Categories: Iowa Court Opinions

IN INTEREST OF T.S., 791 N.W.2d 430 (Iowa App. 2010)

IN THE INTEREST OF T.S. and A.S., Minor Children, A.S., Father, Appellant.

No. 0-719 / 10-1032.Court of Appeals of Iowa.
Filed October 6, 2010.

Appeal from the Iowa District Court for Delaware County, Thomas J. Straka, Associate Juvenile Judge.

A father appeals from the order terminating his parental rights. AFFIRMED.

David G. Baumgartner, Strawberry Point, for appellant father.

Stephanie Rattenborg, Manchester, for mother.

Thomas J. Miller, Attorney General, Kathrine S. Miller-Todd, Assistant Attorney General, John Bernau, County Attorney, and Ryan J. Gallagher, Assistant County Attorney, for appellee State.

Kimberly S. Lange, Edgewood, for minor children.

Considered by VOGEL, P.J., and DOYLE and MANSFIELD, JJ.

DOYLE, J.

A father appeals the termination of his parental rights to his children. He contends the State failed to prove the grounds for termination by clear and convincing evidence. He also contends termination is not in the children’s best interests and the State failed to make reasonable efforts to reunite him with his children. Upon our review, we affirm.

I. Background Facts and Proceedings.

A.S. is the father and T.M. is the mother of T.S., born September 2007, and A.S., born August 2008.[1] The parents were both sixteen years old when T.S. was born; the father left school after eleventh grade. The parents have a history of domestic violence. The father reported that he received a domestic abuse/disorderly conduct charge in September 2008, and he had previously received a possession of alcohol under the legal age charge. The father lived with his father, the children’s paternal grandfather, and he worked for his father doing some scrap work, but his income was inconsistent. The children lived with their mother.

The children came to the attention of the Iowa Department of Human Services (Department) in July 2009, after it was reported that the mother was seen walking barefoot with the children in a stroller along a busy highway, and the mother also did not have diapers or formula for the children. A case worker for the Department went to the mother’s home to discuss the report, and the mother admitted the claim to the worker.
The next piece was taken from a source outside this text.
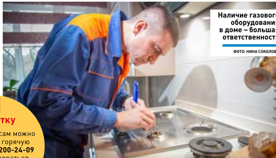
Наличие газового оборудования в доме – большая ответственность

В нашем округе, как и во всём Подмосковье, усиливают контроль за состоянием газового оборудования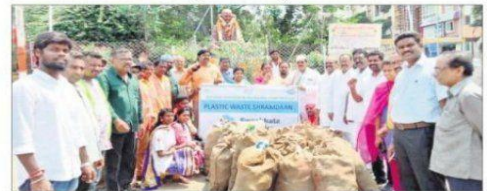
ప్లాస్టిక్ వేస్ట్ క్రమధాన్ కార్యక్రమంలో పాల్గొన్న కార్పొరేటర్, డీఎంసీ

Upon visiting the mother’s home, the worker noted other safety concerns, including the condition of the mother’s home, and lack of food and clothing for the children. Both children appeared to be developmentally delayed. At the Department’s request, the mother agreed to place the children in a foster home.

The Department’s worker contacted the father. The father advised the worker that he saw the children every other weekend. He asked if he could get the children, and the worker explained that there were concerns about the children at that time and that the Department wanted to have the children evaluated. The worker asked the father if he would agree to the children’s removal, and the father stated he would get back to the worker.
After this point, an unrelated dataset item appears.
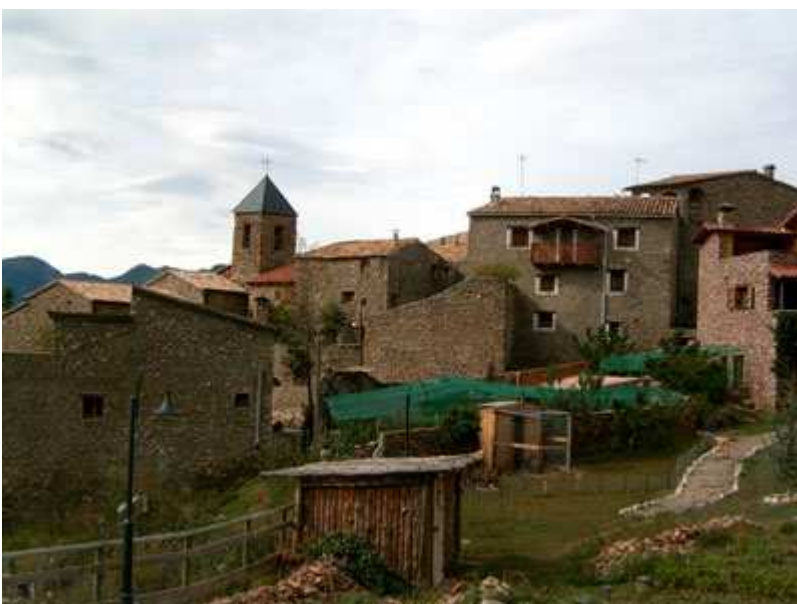
Pueblo de Fòrnols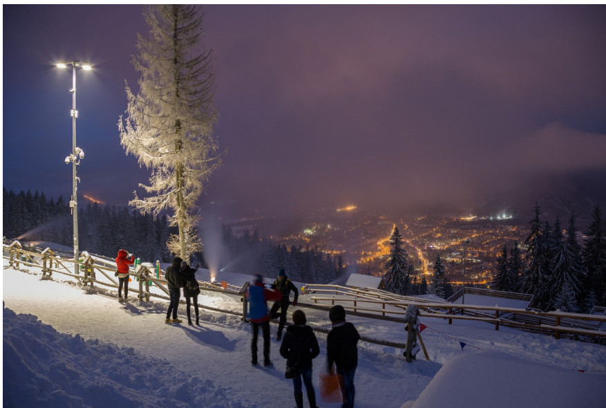
Закопано. Губалувка. Магия ночи

А любители «стремных» спусков могут направляться в лыжный центр Гаренда — кроме простых трасс для начинающих, здесь есть и черная трасса, сертифицированная Международной лыжной федерацией (FIS). На гору туристов поднимают кресельные и бугельные подъемники.

The children were later placed in a foster home. The foster mother found the children to be very hungry upon arrival. The foster mother observed that T.S., then twenty-two months old, hoarded food, trying to save it for later. She described T.S. as being “parentified,” explaining that T.S. would try to take care of A.S. by throwing food to A.S. to make sure A.S. was being fed. She found T.S. to be very aggressive at times, throwing things and biting people. She also noted that T.S. appeared to be very smart, yet did not talk and only pointed at things. A.S., eleven months old at the time of removal, was unable to bear any weight on her legs. The foster mother observed that A.S. at first could not even sit up when the child first arrived. A.S. appeared to have spent a large portion of time in a car seat; her shoulders and arms were further back as if the she were buckled in a seat, and the back of her head was flat. A.S. also seemed to have a small area of focus, which may have been related to her having been confined to a car seat with a limited span of visibility. Additionally, A.S. also displayed difficult behaviors in the foster home.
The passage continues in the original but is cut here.